The random aperiodic signal can be converted to deterministic periodic waveform, based on the signal probability (SP). With the same SP, the NBTI effect will be the same [6]. Hence, we use the waveform shown in Fig. 2 as the input of PMOS transistor. In the first waveform, the “full stress” phase is ahead of the “partial stress” phase in one cycle; and the second waveform shows the reversed condition. From the numeric simulation based on the reaction-diffusion model [19], we find that the order of these phases have negligible impact on the final generation of interface traps. Fig. 3 shows the comparison between the stress waveforms in Fig. 2 and the error is 0.18% ($5.50 \times 10^{12} \text{cm}^{-2}$ vs. $5.51 \times 10^{12} \text{cm}^{-2}$).

In the following part of this paper, we assume that “full stress” is always ahead of “partial stress” in a cycle. Fig. 4 shows the numeric simulated interface trap generation due to dynamic NBTI under different time ratio of “full stress” phase to “partial stress” phase. We find that the mixed effect of these two stress phases can be derived by weighted averaging the “full stress” and “partial stress” effect, which is described as

$$N_{it,\text{mixed}} = \frac{p_{FS}}{p_{FS} + p_{PS}} N_{it,FS} + \frac{p_{PS}}{p_{FS} + p_{PS}} N_{it,PS}$$

where $N_{it,FS}$ is the interface trap generation if all stress phases are “full stress”; and $N_{it,PS}$ is the interface trap generation if all stress phases are “partial stress”. The parameters $p_{FS}$ and $p_{PS}$ are signal probabilities of “full stress” and “partial stress”, respectively. By calculating, we find the maximum error occurs at “30% FS, 30% PS”. The simulated trap generation is $5.50 \times 10^{12} \text{cm}^{-2}$ as shown in Fig. 4, and by Eq. (5), the estimated interface trap generation is $5.38 \times 10^{12} \text{cm}^{-2}$. Therefore, the maximum error is 2.18%.

However, in a transistor stack, the PMOS transistors can be biased at various voltages, so there exists more than one “partial stress” condition. Therefore the law de-
scribed above is extended to more than two different stress conditions. First, we number these stress conditions as \(S_0, S_1, S_2, \ldots\), and \(S_0\) is always the “full stress” condition. The signal probabilities of these stress conditions are \(p_0, p_1, p_2, \ldots\), respectively, and the signal probability of relaxation condition is denoted as \(r\); so the duty cycle \(p_s\) of all the stress conditions is

\[
p_s = \sum p_i = 1 - r
\]

where the number of \(i\)’s is related to the number of PMOS transistors in the stack.

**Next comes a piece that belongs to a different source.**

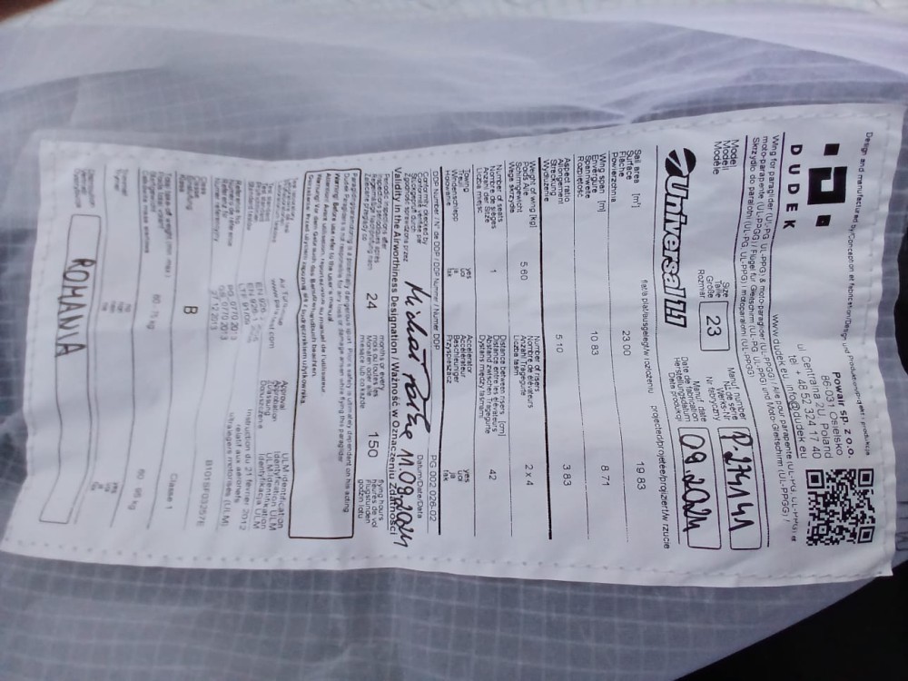 Vand/Schimb Aripă Parapanta nouă Dudek Universal 1.1 Culoare Salsa.

As the threshold voltage degradation is proportional to the interface trap generation, the final \(V_{th}\) degradation due to PMOS NBTI effect with more than one stress condition is modeled according to Eq. (5) as

\[
\Delta V_{th} = \sum \Delta V_{th,i} \frac{p_i}{p_s}
\]

where \(\Delta V_{th,i}\) is the corresponding threshold voltage degradation if all the stress phases are \(S_i\). According to Eq. (1) and (4), \(\Delta V_{th,i}\) is expressed as

\[
\Delta V_{th,i} = \eta_i \cdot p_s^{0.27p_s + 0.28} \cdot t^{1/4}
\]

and the parameter \(\eta_i\) is decided by the predictive model proposed in [14],

\[
\eta_i = A \cdot T_{ox} \sqrt{C_{ox} (V_{gs,i} - V_{th})} \cdot \exp\left(\frac{E_{ox,i}}{E_0}\right) \cdot \exp\left(-\frac{E_a}{k_BT}\right)
\]

where \(V_{gs,i}\) is the stress voltage corresponding to different stress phase due to stacking effect first described in this paper, and other parameters are the same as in [14].

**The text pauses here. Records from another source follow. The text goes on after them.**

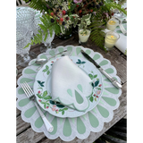 The Drops placemat is crafted in pure linen and boast an intricate embroidered pattern highlighted by a scalloped edge.
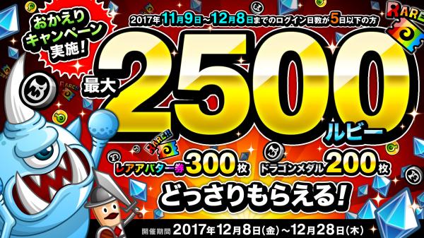12月8日(金)より、対象者には最大2500ルビーやドラゴンメダル200枚などがもらえる「おかえりキャンペーン」と、それ以外のユーザーには、最大1000ルビーやドラゴンメダル50枚などがもらえる「年末大感謝キャンペーン」を開催いたします。さらに、期間中に対象者のログイン人数が一定数を超えると、ユーザー全員へさらにルビーやドラゴンメダルがプレゼントされる、「おかえり全員ボーナス」も開催されます。皆でログインしてプレゼントをゲットしましょう!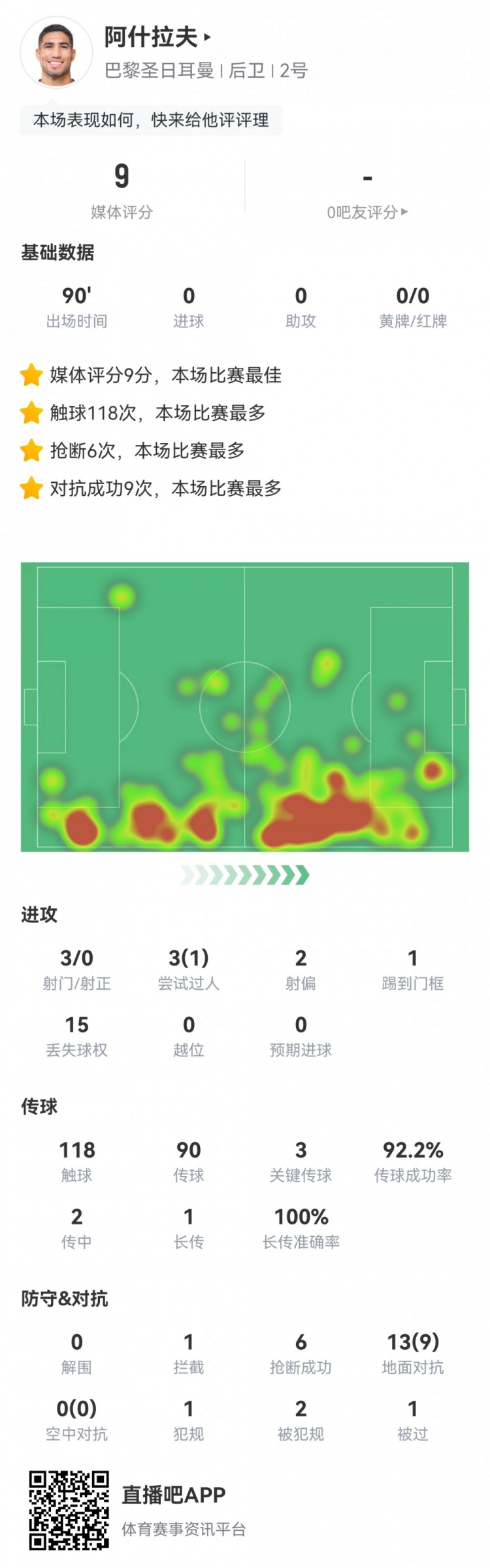制霸右路!阿什拉夫本场数据:3次关键传球1中框,全场最高9.0分

If only one “full stress” condition is considered, that is \(p_s = p_0\), Eq. (7) can be simplified as

\[
\Delta V_{th} = \Delta V_{th,0} = \eta_0 \cdot p_s^{0.27p_s + 0.28} \cdot t^{1/4}
\]

which consists with the NBTI model in section 2.1.
3 Gate-level delay degradation analysis

3.1 Traditional gate delay model

Previously, the propagation delay of a gate can be approximately expressed as [18]

\[ t_{pd} = \frac{C_L V_{dd}}{I_d} = \frac{C_L V_{dd} L_{eff}}{\mu C_{ox} W_{eff} (V_{gs} - V_{th})^\alpha} \] (11)

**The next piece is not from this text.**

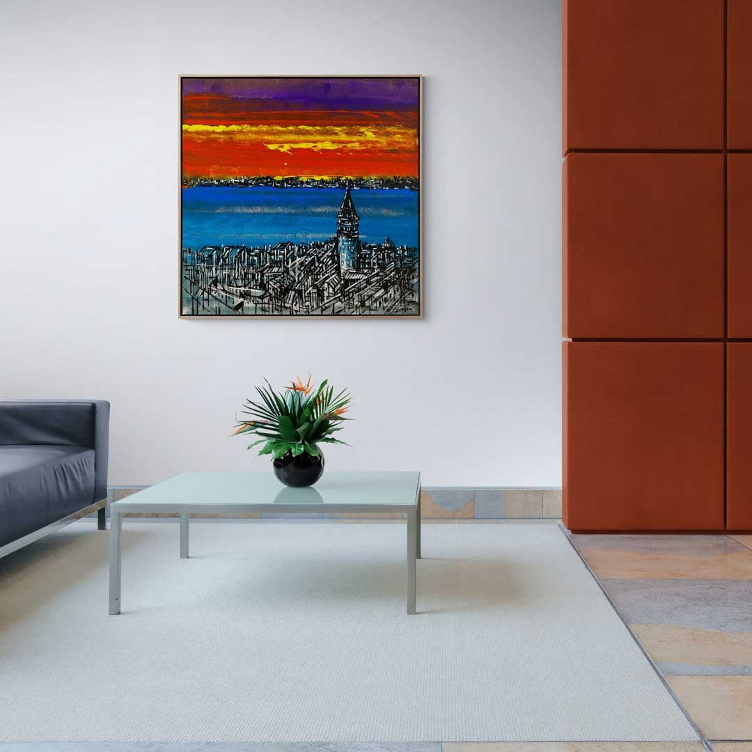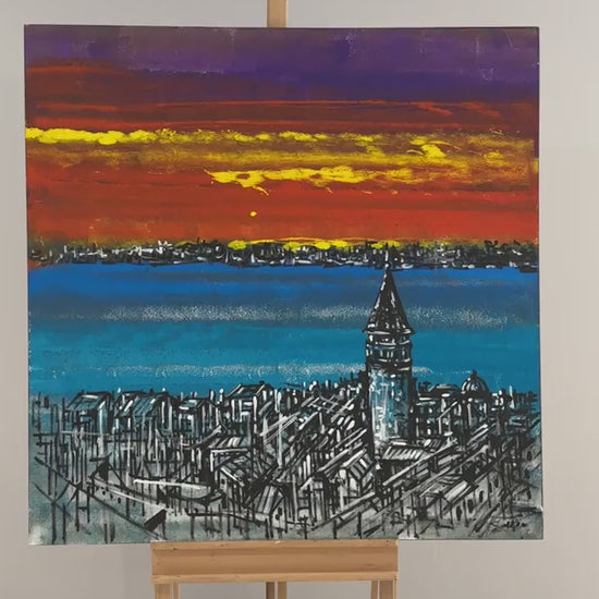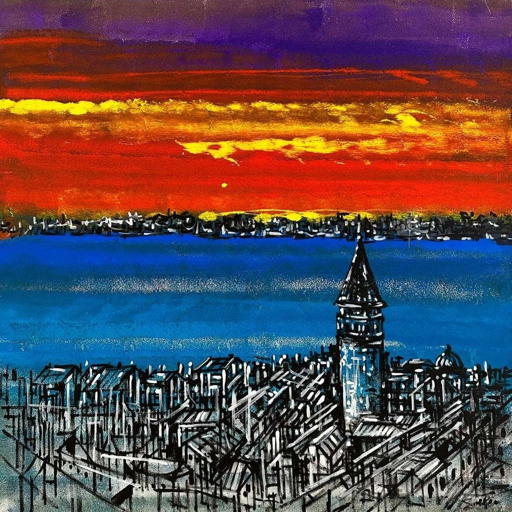 Çizgisel Işık Galata'nın Büyüsü Yağlı Boya Tablosu

where \( \alpha \) is the velocity saturation index, and \( C_L \) contains the parasitic capacitance. The shift in the transistor threshold voltage \( \Delta V_t \) can be derived using Eq. (10). Hence, with the Taylor series expansion, the delay degradation \( \Delta t_{pd} \) for the gate is derived as

\[ \Delta t_{pd} = \alpha \Delta V_{th} \frac{V_{gs} - V_{th}}{V_{gs} - V_{th}} \cdot t_{pd0} \] (12)

where \( t_{pd0} \) is the original delay of the gate without any \( V_{th} \) degradation, and can be extracted from third-party time analysis tools.

3.2 Our novel gate-level delay model

The proposed NBTI model with stacking effect described in Section 2.2 leads to different \( V_{th} \) degradation for each PMOS transistor in a logic gate, but the gate delay model described in Section 3.1 is incapable to handle this situation. So a novel gate-level delay model is proposed in this paper.

An NOR4 gate is used to illustrate our derivation, and the schematic is shown in Fig. 5, where \( C_L \) is the external load capacitance. If the \( V_{th} \) degradation of these PMOS transistors are small, the gate delay can be considered linear with \( \Delta V_{th} \) and \( C_L \).

\[ t_{pd} = t_{pd0} + \Delta t_{pd} = t_{pd0} + \sum_{i} [(\alpha_i \cdot C_L + \beta_i) \Delta V_{th,Mi}] \cdot i = 0, 1, 2, 3 \] (13)
Table 1. Threshold voltage degradation in NOR4 gate

<table>
<thead>
<tr>
<th>Transistor</th>
<th>M0</th>
<th>M1</th>
<th>M2</th>
<th>M3</th>
</tr>
</thead>
<tbody>
<tr>
<td>$\Delta V_{th}$</td>
<td>25.7mV</td>
<td>20.6mV</td>
<td>14.5mV</td>
<td>5.5mV</td>
</tr>
</tbody>
</table>

where the parameters $\alpha_i$ and $\beta_i$ describe the effect of charging external load capacitance $C_L$ and internal parasitic capacitance respectively, and they only depend on the gate type.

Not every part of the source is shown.